Agroforestry, the deliberate combination of woody plants and agriculture, is one of the measures to protect the environment and the climate. The European Union uses Agro-Environmental Indicators (AEI) to assess the success of these measures and its environmental policy. If agro-ecological elements such as agroforestry are to be recognised as valuable by practitioners and policy makers, and if their development is to be monitored, they need to be visible at the level of the AEI.
We have therefore identified categories of indicators from five legal frameworks (EU 8th Environment Action Programme, Common Agricultural Policy (CAP), Carbon Removals Framework, Soil Monitoring and Resilience Directive, Nature Restoration Law) that are relevant to the assessment of the impact of agroforestry. Twelve impact indicators have been identified as most relevant for farm-scale monitoring of their impact.At present, however, each country, legal framework or sector uses its own indicators, and while some data is collected at local level, it is often only reported as aggregated data at Member State level. This prevents local decision-makers or practitioners from using the informatin.

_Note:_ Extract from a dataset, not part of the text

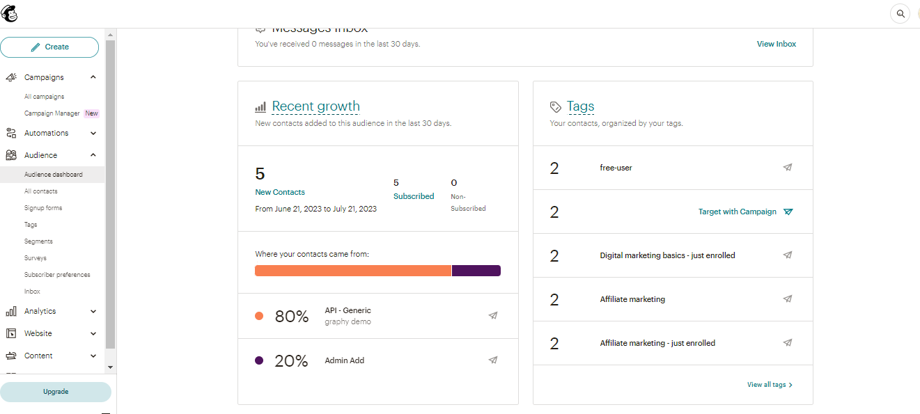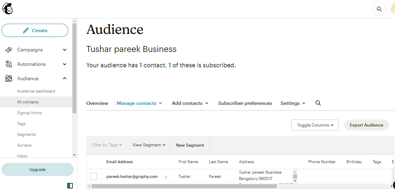 Once we have successfully integrated Mailchimp with graphy website, We would be able to track the New customers list in the Audience dashboard section of Mailchimp and create different sort of automations as well as email campaigns using mailchimp.

As part of the DigitAF project, a HorizonEurope project on digital tools for agroforestry, we selected a DigitAF farm as a case study and evaluated the current situation of how agroforestry is reflected (or not reflected) in the AEI. Based on the rather negative results, we outline possibilities for better representation in the AEI using existing environmental databases, but also identify bottlenecks in data availability and resolution. Finally, we make several recommendations for improving data collection and provision, e.g. at the LPIS level.
The benefits of agroforestry can only be communicated if they can be 'seen' at local level and in practice. In other words, if we want to use the AEI as reporting tool, we need to provide data at field or farm level. This would allow policy makers and practitioners to use it, and thus show the best way to quantify the impact of newly introduced agroforestry.